マッドも一張羅の礼服を着てはいたが、周囲があまりにもきらびやかだったので、醜いアヒルの子のように浮いていた。
白亜の大聖堂、最深部には天井に届くほどの女神像があり、その足元にはステージのような祭壇がある。
シミひとつない純白のローブをまとった大聖女が登壇すると、あたりは静まり返った。
「私は『フィロソファーズ・レイヴ』、聖女ギルドの大聖女、ハメリアと申します」
ハメリアと名乗る大聖女は、壇上から慇懃に一礼する。
「それではこれから、我が『フィロソファーズ・レイヴ』の上級職の授与を始めたいと思います。
皆様ご存じのように、この上級職というのは女神ルミナレルム様の神託を、聖女ギルド部門のトップであらせられます、聖皇母様が賜ったものです。

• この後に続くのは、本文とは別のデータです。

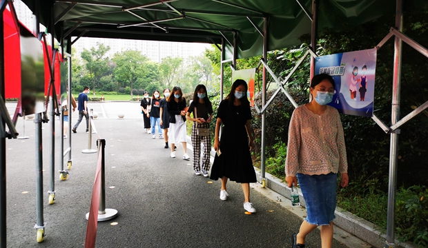 之后,根据《常州市滨江中学预防新冠肺炎演练预案》,副校长王建荣、后保处主任钱峰、副主任茅玉龙、科教处倪建良、校医吴红亚、全体班主任和数十位老师进行了多个情境的现场演练,包括晨检体温异常、午检体温异常、教室等公共区域发生学生呕吐、食堂就餐。

すなわち、ギルド長様のお言葉にも等しい神のお言葉となりますので、穢れなき厳粛なる気持ちで、かつ、謹んでお受けするようにしてください」
大聖女の厳かな言葉とともに、上級職の授与は始まった。
手順としては、名前を呼ばれた者がひとりずつ登壇し、女神像に跪いて祈りを捧げる。
すると女神像が手にしている巨大な水晶球に、上級職の名称が浮かび上がるというものだった。
マッドの順番は最後で、その前に名前を呼ばれた王族や貴族の子息たちには、『勇者』『賢者』『剣聖』などの、この国のトップを司る上級職が与えられていた。
そのたびに「おおっ!?」と観衆から拍手と喝采が巻き起こる。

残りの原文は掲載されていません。